+++ RECORDS SHOWN +++

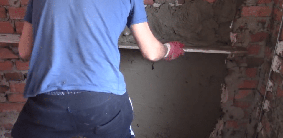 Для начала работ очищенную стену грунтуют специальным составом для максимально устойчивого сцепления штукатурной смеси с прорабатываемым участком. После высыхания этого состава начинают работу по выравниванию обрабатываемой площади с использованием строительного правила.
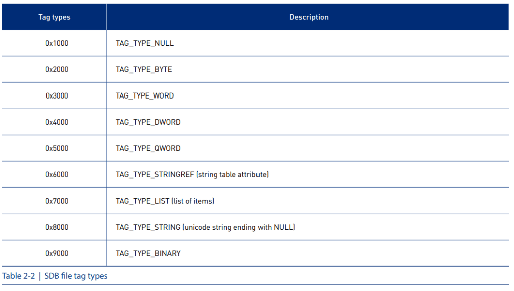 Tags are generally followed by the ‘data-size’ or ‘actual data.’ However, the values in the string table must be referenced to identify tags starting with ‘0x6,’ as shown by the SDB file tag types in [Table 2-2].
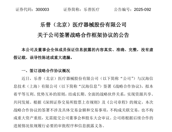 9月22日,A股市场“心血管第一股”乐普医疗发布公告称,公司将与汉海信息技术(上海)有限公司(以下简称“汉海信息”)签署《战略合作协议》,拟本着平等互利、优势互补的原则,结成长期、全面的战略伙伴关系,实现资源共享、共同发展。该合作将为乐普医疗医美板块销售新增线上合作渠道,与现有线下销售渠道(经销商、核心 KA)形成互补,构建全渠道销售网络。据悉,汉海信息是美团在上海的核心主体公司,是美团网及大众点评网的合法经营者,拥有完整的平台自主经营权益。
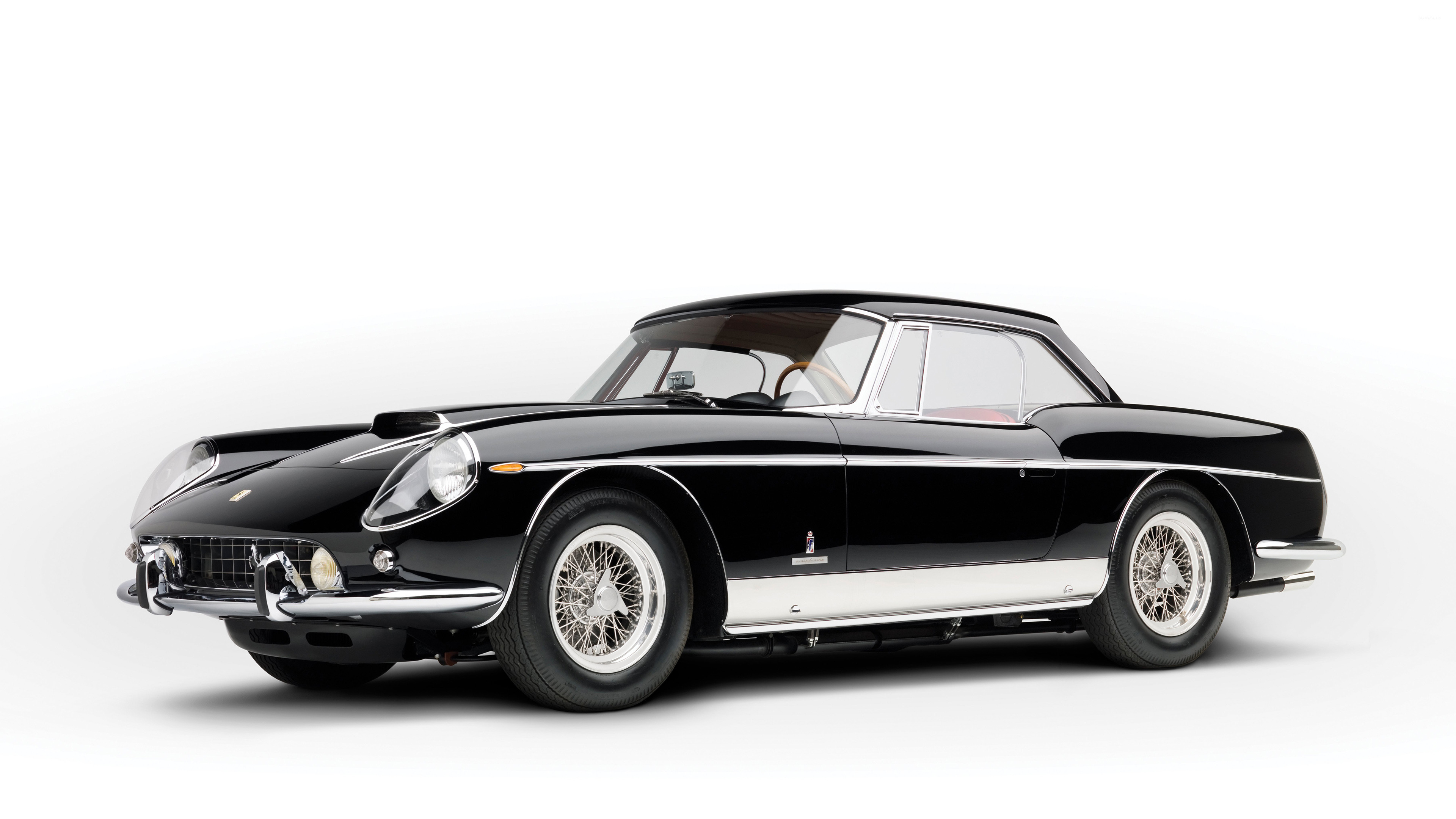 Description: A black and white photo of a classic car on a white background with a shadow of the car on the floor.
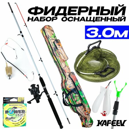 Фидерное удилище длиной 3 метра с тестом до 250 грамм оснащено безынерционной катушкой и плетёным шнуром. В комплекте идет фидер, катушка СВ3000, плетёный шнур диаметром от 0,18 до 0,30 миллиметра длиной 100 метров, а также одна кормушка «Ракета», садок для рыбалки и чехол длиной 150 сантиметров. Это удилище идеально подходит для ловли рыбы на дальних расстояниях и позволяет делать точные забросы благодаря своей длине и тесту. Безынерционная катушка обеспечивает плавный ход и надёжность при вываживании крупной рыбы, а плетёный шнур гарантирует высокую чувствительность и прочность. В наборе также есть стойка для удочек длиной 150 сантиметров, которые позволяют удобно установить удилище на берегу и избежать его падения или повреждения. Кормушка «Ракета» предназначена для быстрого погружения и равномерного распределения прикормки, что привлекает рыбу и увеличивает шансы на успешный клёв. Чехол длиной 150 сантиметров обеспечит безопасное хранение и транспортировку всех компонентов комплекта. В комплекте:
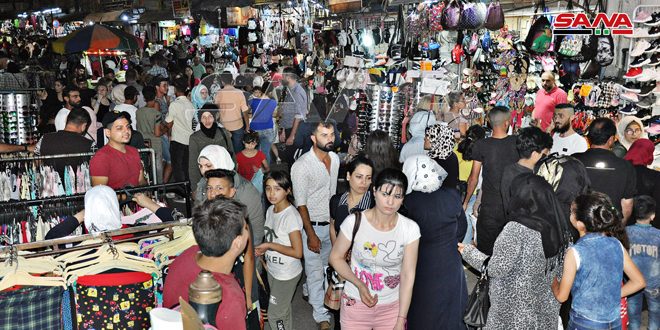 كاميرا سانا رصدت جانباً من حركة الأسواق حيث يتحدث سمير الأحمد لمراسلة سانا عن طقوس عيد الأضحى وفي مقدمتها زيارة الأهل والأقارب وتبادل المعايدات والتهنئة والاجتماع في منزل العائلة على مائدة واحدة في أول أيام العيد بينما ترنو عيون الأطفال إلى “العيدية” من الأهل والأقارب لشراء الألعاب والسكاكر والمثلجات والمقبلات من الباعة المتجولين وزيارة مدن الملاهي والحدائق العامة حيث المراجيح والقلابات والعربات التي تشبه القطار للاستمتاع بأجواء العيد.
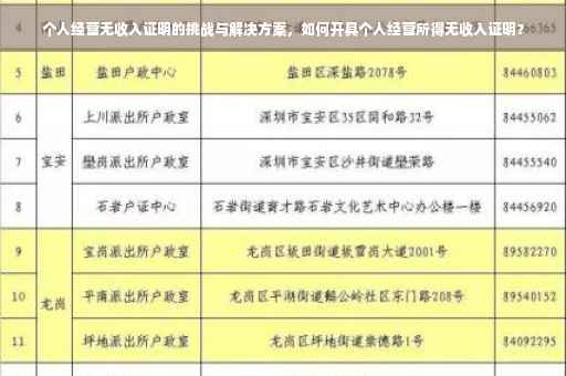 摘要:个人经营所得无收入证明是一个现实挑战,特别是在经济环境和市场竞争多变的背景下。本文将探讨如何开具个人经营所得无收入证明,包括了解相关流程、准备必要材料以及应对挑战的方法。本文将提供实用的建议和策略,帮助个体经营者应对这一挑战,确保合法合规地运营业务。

+++

HOW TO COMPLETE THIS TASK >> Print all the lines above exactly as they are, but without the pictures.

EXERCISE ANSWER >>
 Для начала работ очищенную стену грунтуют специальным составом для максимально устойчивого сцепления штукатурной смеси с прорабатываемым участком. После высыхания этого состава начинают работу по выравниванию обрабатываемой площади с использованием строительного правила.
 Tags are generally followed by the ‘data-size’ or ‘actual data.’ However, the values in the string table must be referenced to identify tags starting with ‘0x6,’ as shown by the SDB file tag types in [Table 2-2].
 9月22日,A股市场“心血管第一股”乐普医疗发布公告称,公司将与汉海信息技术(上海)有限公司(以下简称“汉海信息”)签署《战略合作协议》,拟本着平等互利、优势互补的原则,结成长期、全面的战略伙伴关系,实现资源共享、共同发展。该合作将为乐普医疗医美板块销售新增线上合作渠道,与现有线下销售渠道(经销商、核心 KA)形成互补,构建全渠道销售网络。据悉,汉海信息是美团在上海的核心主体公司,是美团网及大众点评网的合法经营者,拥有完整的平台自主经营权益。
 Description: A black and white photo of a classic car on a white background with a shadow of the car on the floor.
 Фидерное удилище длиной 3 метра с тестом до 250 грамм оснащено безынерционной катушкой и плетёным шнуром. В комплекте идет фидер, катушка СВ3000, плетёный шнур диаметром от 0,18 до 0,30 миллиметра длиной 100 метров, а также одна кормушка «Ракета», садок для рыбалки и чехол длиной 150 сантиметров. Это удилище идеально подходит для ловли рыбы на дальних расстояниях и позволяет делать точные забросы благодаря своей длине и тесту. Безынерционная катушка обеспечивает плавный ход и надёжность при вываживании крупной рыбы, а плетёный шнур гарантирует высокую чувствительность и прочность. В наборе также есть стойка для удочек длиной 150 сантиметров, которые позволяют удобно установить удилище на берегу и избежать его падения или повреждения. Кормушка «Ракета» предназначена для быстрого погружения и равномерного распределения прикормки, что привлекает рыбу и увеличивает шансы на успешный клёв. Чехол длиной 150 сантиметров обеспечит безопасное хранение и транспортировку всех компонентов комплекта. В комплекте:
 كاميرا سانا رصدت جانباً من حركة الأسواق حيث يتحدث سمير الأحمد لمراسلة سانا عن طقوس عيد الأضحى وفي مقدمتها زيارة الأهل والأقارب وتبادل المعايدات والتهنئة والاجتماع في منزل العائلة على مائدة واحدة في أول أيام العيد بينما ترنو عيون الأطفال إلى “العيدية” من الأهل والأقارب لشراء الألعاب والسكاكر والمثلجات والمقبلات من الباعة المتجولين وزيارة مدن الملاهي والحدائق العامة حيث المراجيح والقلابات والعربات التي تشبه القطار للاستمتاع بأجواء العيد.
 摘要:个人经营所得无收入证明是一个现实挑战,特别是在经济环境和市场竞争多变的背景下。本文将探讨如何开具个人经营所得无收入证明,包括了解相关流程、准备必要材料以及应对挑战的方法。本文将提供实用的建议和策略,帮助个体经营者应对这一挑战,确保合法合规地运营业务。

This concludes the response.